Cloudera RecordService — The answer to Big Data Security?
One of the great things about the Hadoop ecosystem is that it has evolved the capability to apply a range of scalable computing patterns to a wide range of scalable data stores. Hadoop started by allowing users to write Java programs which would process data in arbitrary files in the Hadoop File System, using the MapReduce pattern. But now it also allows users to write Hive and Impala queries in SQL, or to write Spark programs in Python/Scala/R to perform Machine Learning analysis, etc. And it enables the user to apply those programs to data stored in ORCFile, Parquet format, HBASE, Cassandra, and many other formats and data stores.
This Hadoop ecosystem has developed rapidly. The 1.0 release of Hadoop was actually in December of 2011 (after a 6 year gestation in 0.X releases).
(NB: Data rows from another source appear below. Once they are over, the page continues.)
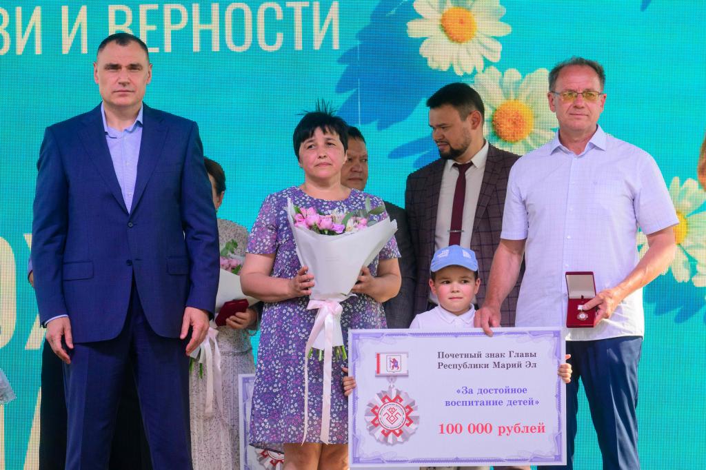 Почётных знаков главы Республики Марий Эл за заслуги в воспитании детей, развитие и укрепление семейных традиций и ценностей, формирование чувства патриотизма и нравственности были удостоены Халида Гайнуллина, Дмитрий Долгоруков, Юрий Маков, Раисия Попова, Любовь Фролова.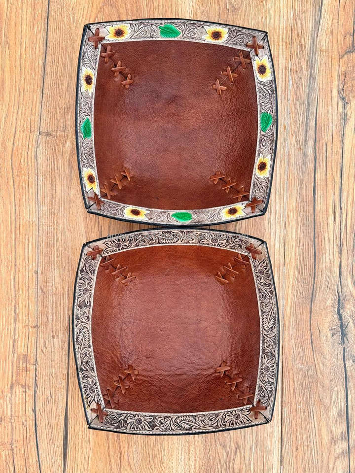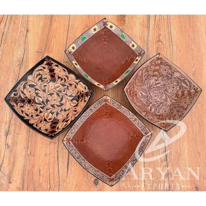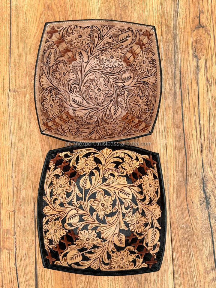 ถาดหนังเป็นเครื่องมือชามหนังแท้ตะวันตกสำหรับตกแต่งบ้านคอลเลกชันเครื่องใช้ในบ้านที่ทำด้วยมือตกแต่งอย่างมีสไตล์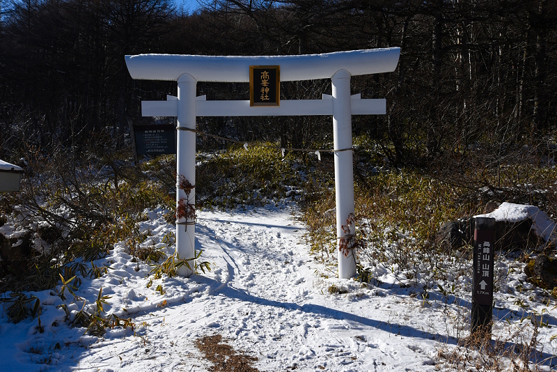 登山口の鳥居。足跡から結構な人達が登っているようです。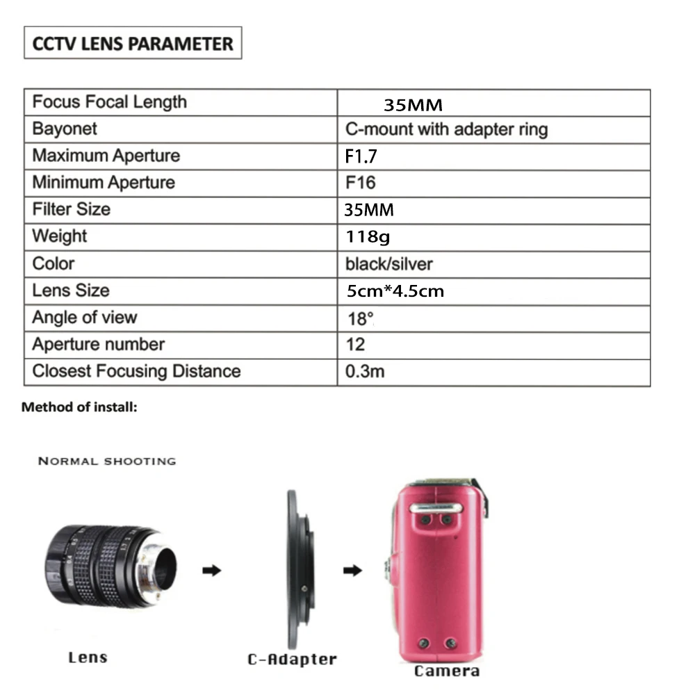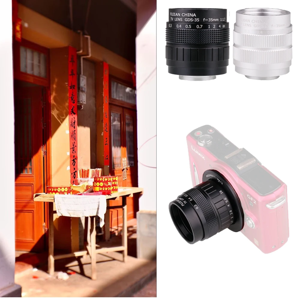 35mm F1.7 CCTV TV película lente C montaje + juego de anillos adaptadores para Sony NEX Olympus Panasonic M4/3 Canon EOSM/EOSR FUJI FX Nikon Z montaje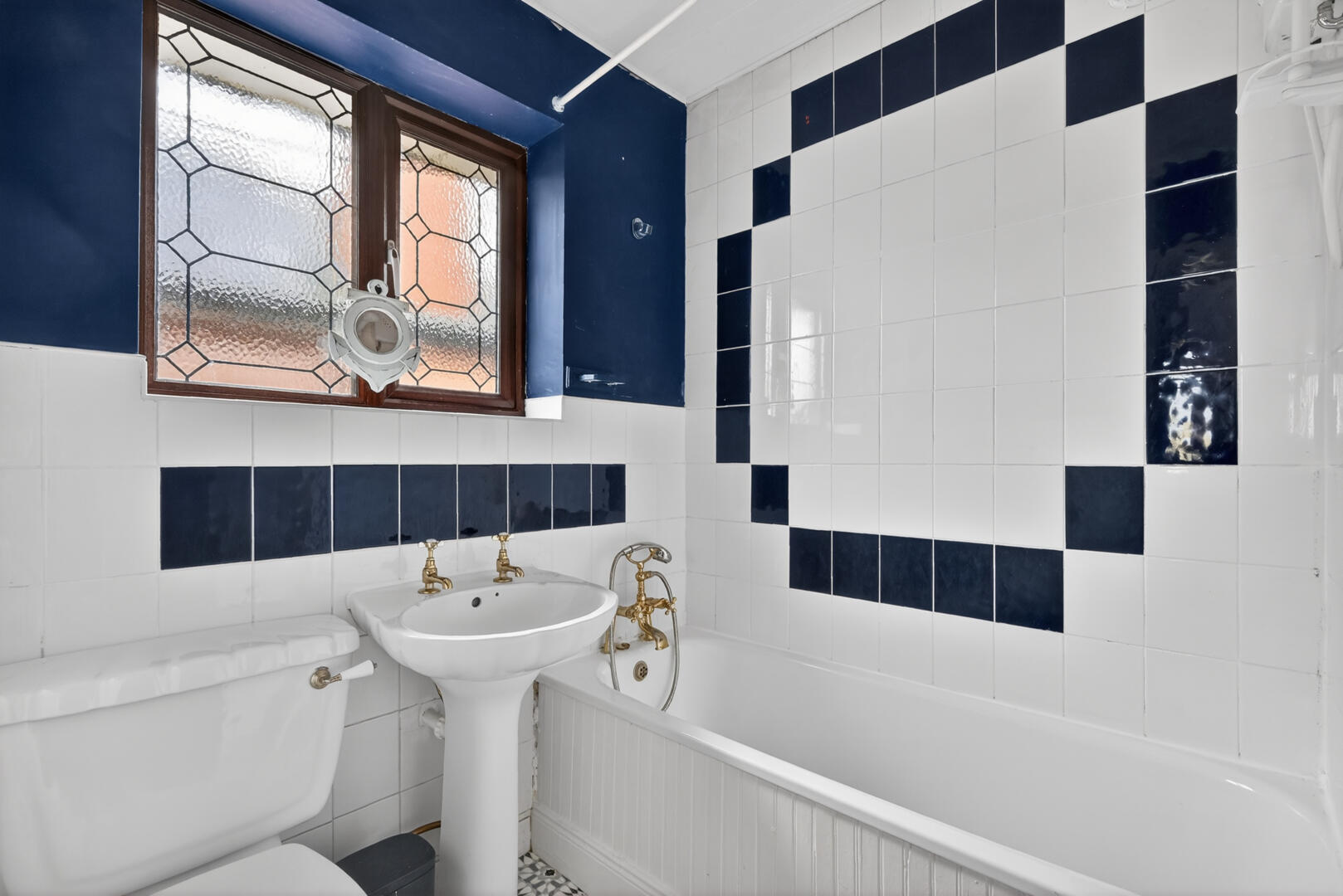 Bathroom: - () - With laminate tile effect floor, partially tiled walls, partially timber panelled, white suite comprising of low flush WC, scallop detail, pedestal wash hand basin with scallop detail, hot and cold Westminster taps, timber panelled bath with mixer taps and telephone handle attachment, electric Redring Plus Extra shower with telephone handle.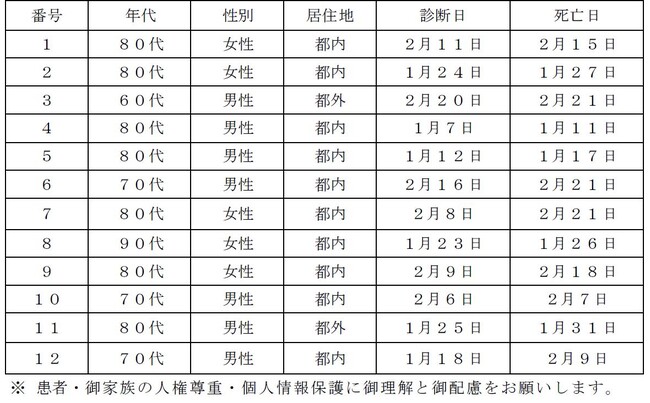 都内で新型コロナウイルスに感染した方が死亡されましたのでお知らせします。

But over that period, the platform has evolved primarily to allow small groups of people to process huge quantities of data. This is in contrast to the evolution of corporate databases which, throughout the 1990's and 2000's, extended computing to allow online access (direct and/or through corporate OLTP systems) to broad audiences with diverse needs and diverse rights of data access. So while the corporate databases have evolved sophisticated record-level (row-level) and attribute-level (column-level) access control mechanisms, these capabilities have been almost completely lacking in the Hadoop ecosystem. One counterexample is the Accumulo database — a wide column store which emphasized access control from the get-go. But access control which is applicable to the full ecosystem (all compute engines, all data stores) has so far been largely absent from the premier open source Big Data stack.
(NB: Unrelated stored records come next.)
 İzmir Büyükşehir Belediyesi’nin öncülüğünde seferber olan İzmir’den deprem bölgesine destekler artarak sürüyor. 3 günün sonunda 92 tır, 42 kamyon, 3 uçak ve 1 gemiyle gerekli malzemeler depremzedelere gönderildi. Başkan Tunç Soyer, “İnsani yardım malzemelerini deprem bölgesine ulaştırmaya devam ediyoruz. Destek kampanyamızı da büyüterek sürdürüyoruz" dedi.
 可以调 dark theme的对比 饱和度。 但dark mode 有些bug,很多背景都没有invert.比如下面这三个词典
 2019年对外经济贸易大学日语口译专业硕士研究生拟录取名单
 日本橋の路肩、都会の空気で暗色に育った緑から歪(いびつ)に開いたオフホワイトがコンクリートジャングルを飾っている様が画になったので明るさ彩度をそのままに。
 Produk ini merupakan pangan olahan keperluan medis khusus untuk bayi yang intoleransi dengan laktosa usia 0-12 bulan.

Which brings us to now. Cloudera recently released a beta of RecordService— an access control enforcement layer for Hadoop — as an Apache incubator project. When combined with Apache Sentry for policy management, and linked into a corporate identity management system via LDAP, RecordService provides a uniform layer, intermediating between the compute engine and the data source to enforce record-level and attribute-level permissions in Hadoop. I have not had a chance to try it out yet — so I can not endorse the implementation. But I do applaud the effort, and hope it lives up to the potential.
Beyond RecordService, though, I think we have a ways to go to achieve what I believe to be truly satisfactory Big Data security. Heck — even corporate databases are still woefully inadequate in providing protection to important records. If Big Data stacks are to become trusted not just as a place for some specialized analytics teams to mine data dumps, but rather as a centralized data store around which to build corporate systems, it will take more than just strong access control mechanisms. It is my view that pervasive encryption of data at rest (not just in transit), integrated with the access control system so that the two reinforce each other, will be a big step in the right direction. I’m interested to see the next developments in this critical area of Big Data technology.